Bug 30634

Summary: kevent.data value incorrect for UDP sockets
Product: Base System Reporter: knotwell <knotwell>
Component: kernAssignee: kbyanc
Status: Closed FIXED    
Severity: Affects Only Me    
Priority: Normal    
Version: Unspecified   
Hardware: Any   
OS: Any   

Description knotwell 2001-09-17 18:40:03 UTC 
When kevent returns a read event for a UDP socket, the data field (AKA the number of bytes to be read) is 16 bytes too long.

NOTE:  the problem exists in 4.3 release as well.

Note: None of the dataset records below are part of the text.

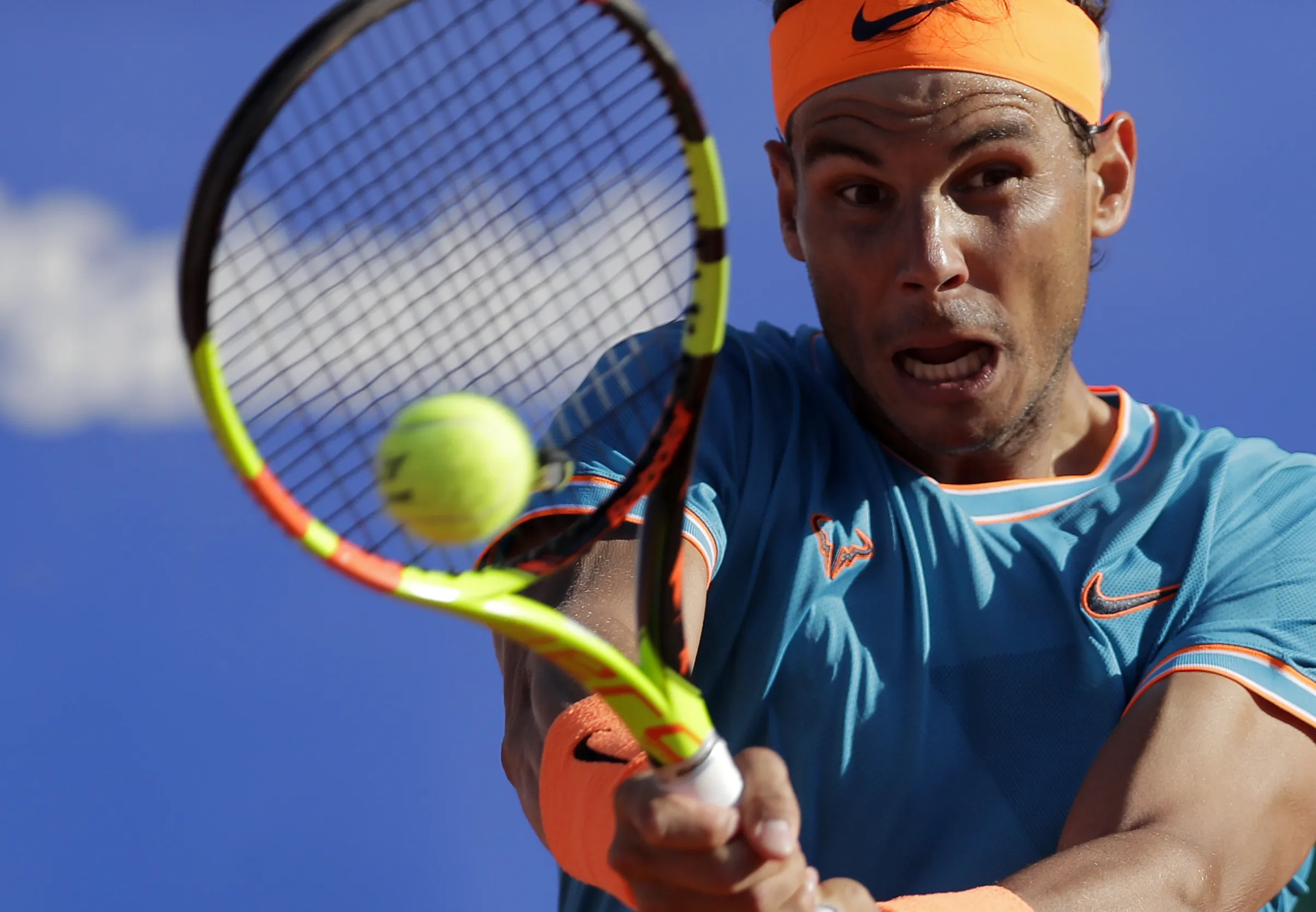 Spain's Rafael Nadal returns the ball to Austria's Dominic Thiem during their semifinal match at the Barcelona Open Tennis Tournament in Barcelona, Spain, Saturday, April 27, 2019. (Photo by Manu Fernandez/AP Photo)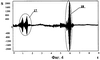 на фиг.4 – осциллограмма доплеровского сигнала, отраженного от движущейся железнодорожной сцепки локомотив-платформа-цистерна;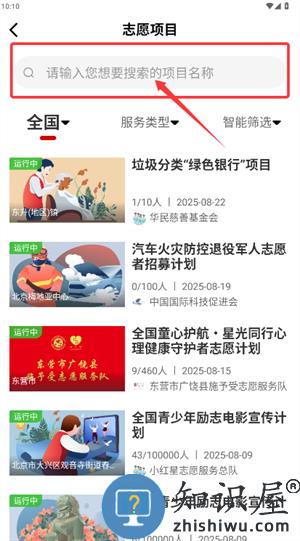 2.项目搜索,搜寻近期志愿项目,随时报名做志愿。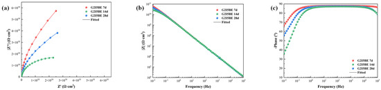EIS results for GI5BE coatings. (a) Nyquist; (b) Bode-|Z|; (c) Bode-phase.

How-To-Repeat: 1)  Compile up the following discard server 
2)  Run nc -u 127.0.0.1 6060
3)  Send data to netcat and watch the server's output

It should be consistently off by sixteen bytes.  NOTE:  this may be a documentation bug and "the number of bytes in the socket buffer" needs to be explained further.   

#include <stdio.h>
#include <string.h>
#include <stdlib.h>
#include <sys/types.h>
#include <sys/socket.h>
#include <netinet/in.h>
#include <arpa/inet.h>
#include <sys/event.h>

/* loopback discardserver on port 6060 */
int main(void)
{
    int queue,sock;
    struct sockaddr_in saddr;
    struct kevent evt;

    memset(&saddr,0,sizeof(struct sockaddr_in));
    saddr.sin_family = AF_INET;
    saddr.sin_port = htons(6060);
    saddr.sin_addr.s_addr = htonl(INADDR_LOOPBACK);

    memset(&evt,0,sizeof(struct kevent));
    evt.filter = EVFILT_READ;
    evt.flags =  EV_ADD;

    if(((queue = kqueue()) == -1) ||
       ((evt.ident = (sock = socket(AF_INET,SOCK_DGRAM,0))) == -1) ||
       (bind(sock,(struct sockaddr *)&saddr,sizeof saddr)) ||
       (kevent(queue,&evt,1,NULL,0,NULL)))
        return(fprintf(stderr,"bad setup\n"),EXIT_FAILURE);

    while(1){
        char *buf;

        if((kevent(queue,NULL,0,&evt,1,NULL) == -1) ||
           (!evt.data))
            break;

        if((buf = malloc(evt.data)) == NULL) continue;

        recv(sock,buf,evt.data,0);
        printf("size to read(%d) : data : %s\n",evt.data,buf);

        free(buf);
    }

    return(EXIT_SUCCESS);
}
Comment 1 kbyanc freebsd_committer freebsd_triage 2002-11-01 21:38:48 UTC 
State Changed
From-To: open->patched

Fix committed to -current.  Thanks!
Comment 2 kbyanc freebsd_committer freebsd_triage 2002-11-01 21:38:48 UTC 
Responsible Changed
From-To: freebsd-bugs->kbyanc

I'll take this so I don't forget the MFC.
Comment 3 kbyanc freebsd_committer freebsd_triage 2004-01-03 21:42:31 UTC 
State Changed
From-To: patched->closed

I feel it has gotten to late in the FreeBSD 4.x branch's life cycle to  
worry about MFC'ing this now.  It is in FreeBSD 5.0 and later.